The Vibe

There is a clear divide in the world between races, religions and political ideologies. As much as anyone would like to deny it, there is also a divide on campus between domestic and international students.

The good news is there are people who are willing to put in the work to bridge that divide. A section of University Seminar is devoted to bettering the community.

This year, the class teamed up with two other sections of University Seminar classes for international students to host Northwest’s second Bearcat Bash.

Elizabeth Dimmit teaches the community betterment seminar. She brings 10 community organizations into the class to speak to the students.

“Each organization identified a need,” Dimmit said. “They listened to the Ministry Center, the Humane Society, Horace Mann and various others.”

After listening to the organizations, the students were required to brainstorm ways they could meet the needs of the organizations. The students then choose one organization to help.

Last year, the students chose Horace Mann Laboratory School.

“They wanted to give parents some time out where there was a free event for students to come and engage with college students,” Dimmit said.

The Bearcat Bash brings in elementary school students from Nodaway county to hangout with college students and give their parents the day off.

This year’s incoming freshmen heard about the success of the Bearcat Bash last year, but there was also another need they wanted to address.

“The international student office had identified there was a need to help international students connect with our traditional students as well as connect them with the community to build better understanding and respect between those groups of people,” Dimmit said. “So my students gravitated towards that and decided to incorporate this mission with the Bearcat Bash and they made it Bearcat Bash: Culture Splash.”

The community betterment University Seminar and the international sections met to build relationships.
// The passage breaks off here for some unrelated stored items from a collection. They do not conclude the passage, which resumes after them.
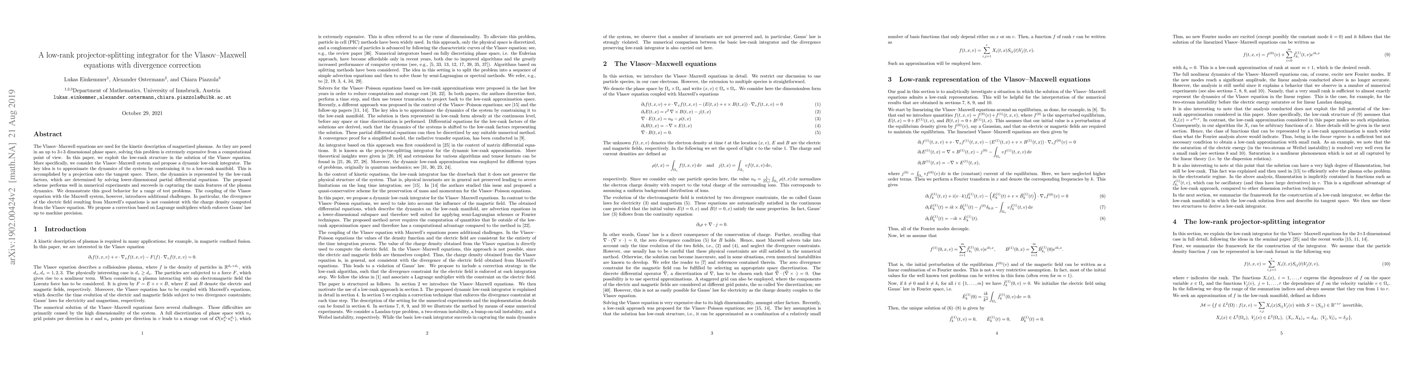 This paper proposes a low-rank projector-splitting integrator for solving the Vlasov-Maxwell equations, leveraging the low-rank structure of the Vlasov equation to reduce computational cost. It introduces a dynamic low-rank method that enforces Gauss' law using Lagrange multipliers to correct divergence issues in the electric field.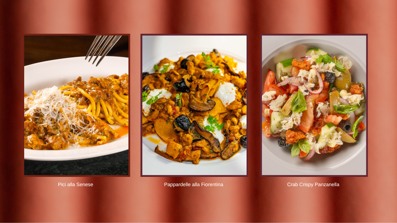 Setiap hidangan membawa kisahnya sendiri, mengajak Anda menjelajahi kelezatan khas dari perbukitan Chianti hingga pesisir Livorno. Berikut pilihan menu yang disuguhkan: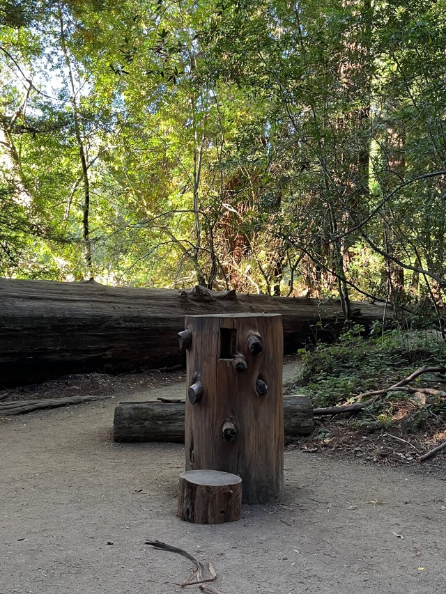 One evening before dinner, we drove to a nearby redwood grove that has been renovated. We found new grated nature trails, an obstacle course, and a small rock climbing stump for children. Only a few people were there, and among the tall giants, we felt a cool respite. A slight breeze accompanied us as we walked for almost two miles on a winding trail, and hopped along the obstacle course keeping our balance and freeing our inner child. It was really fun, breathtakingly beautiful, and calming...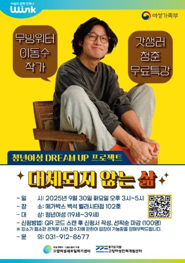 고양여성새로일하기센터·고양여성인력개발센터는 청년 여성들의 진로 설계와 자기 개발을 지원하고자 오는 30일 오후 3시, 메가박스 백석벨라시타점에서 청년 여성 대상 무료 특강을 개최한다.경력단절예방
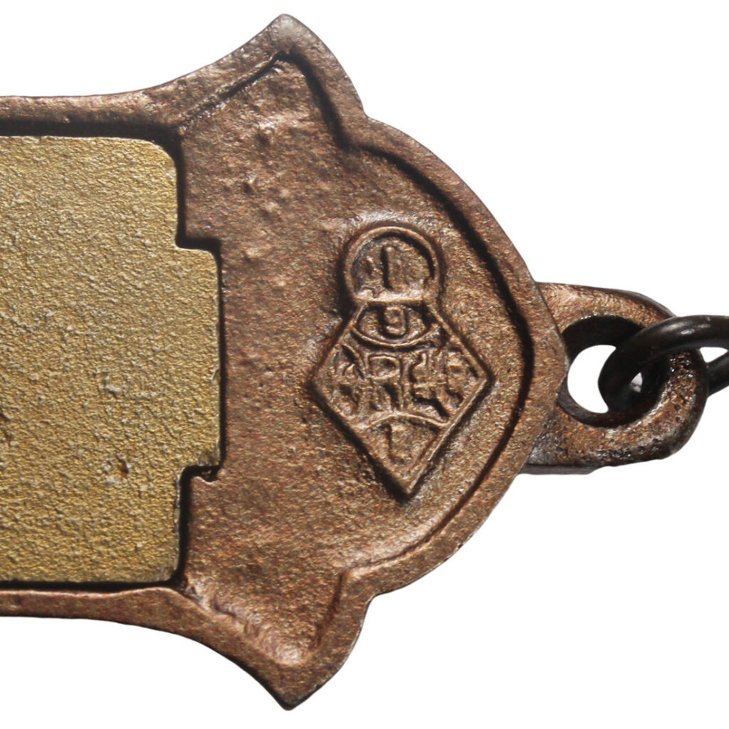 A stunning antique surface mount decorative head bolt & catch for a door by Russell & Erwin, dating from the late 1800’s. This “New Old Stock” spring-loaded cast iron Eastlake chain bolt is in excellent antique condition, and functions very nicely. The head bolt measures 6-1/8” long, 2-3/8″ wide, and has a 3/4″ projection; the catch measures 2-3/8″ tall, 2-3/8″ wide, and projects 3/4″; the chain extends 24″.

Each shared experiences and culture with each other.

The classes wanted to open up the opportunity to children so they could experience different cultures.

The event was held at Horace Mann Dec. 3 from 8 a.m. to 5 p.m. The children were divided up by grade, and every hour went to a different class full of activities.

“We tried to make sure that in some way culture was incorporated in each class,” Dimmit said.

In music class, students from Nepal taught the children about their music and dances. There was also a student who taught Irish dancing.

“Music is just a universal language,” Dimmit said. “Everyone has music. It is something that unites us, but the unique intricacies within each culture is what’s special and unique.”

In the science room, the children made slime and put trinkets inside the slime. When they pulled out one of the trinkets, they discussed the importance of the trinket in the U.S. and other countries. They also made volcanoes and discussed Polynesian culture and Hawaii.

In sports, students taught criquet and some of the students from Spain had a game about handkerchiefs.

“In all of it, it was about having conversations,” Dimmit said. “It is important for kids to learn to ask questions when they don’t understand.”

Freshman elementary education major Kaitlin Kreider volunteered at the event to spend time working with children. She felt the experience was very important for the kids who came.

“They were able to see and understand kids from other cultures and appreciate them more,” Kreider said. “They could appreciate the differences and realize everyone is different, and that is a good thing.”

In the morning, Kreider helped out in the game room where the kids played minute-to-win-it games.

“All the volunteers had a really fun time with kids. It was an enriching experience I plan to do next year and the years after,” Kreider said.

Sophomore Lauren Buck was a part of the first Bearcat Bash and came back as Dimmit’s peer advisor to put on the second one.

“This event is important because it is a fun day for kids to hang out, play and learn with college students,” Buck said. “It gives parents a chance to go holiday shopping, relax or go on a date.”

Being from a rural part of the state, the children who came to the event have not had many opportunities to experience different cultures.

“Culture is an important thing to learn about,” Dimmit said. “It is all around us, and it is important for kids to begin to open their eyes to it.”

Including the international students was a way to provide authentic culture but also for volunteers to form new relationships. Buck believes this was an important part of the event.

Buck and the rest of her class put in great effort to pull off the event.

“We as a class want to thank all the volunteers who helped throughout the day,” Buck said. “We are very happy about how this day turned out.”

Although the seminar class chose to adopt the Bearcat Bash again this year, this may not be the case in the future.

“It is important that students choose the project and get invested,” Dimmit said. “If I choose the project for them, they lose their ownership of the event.”

The future of the Bearcat Bash is still up in the air. It lies on Northwest’s community and students. It is up to organizations to take control.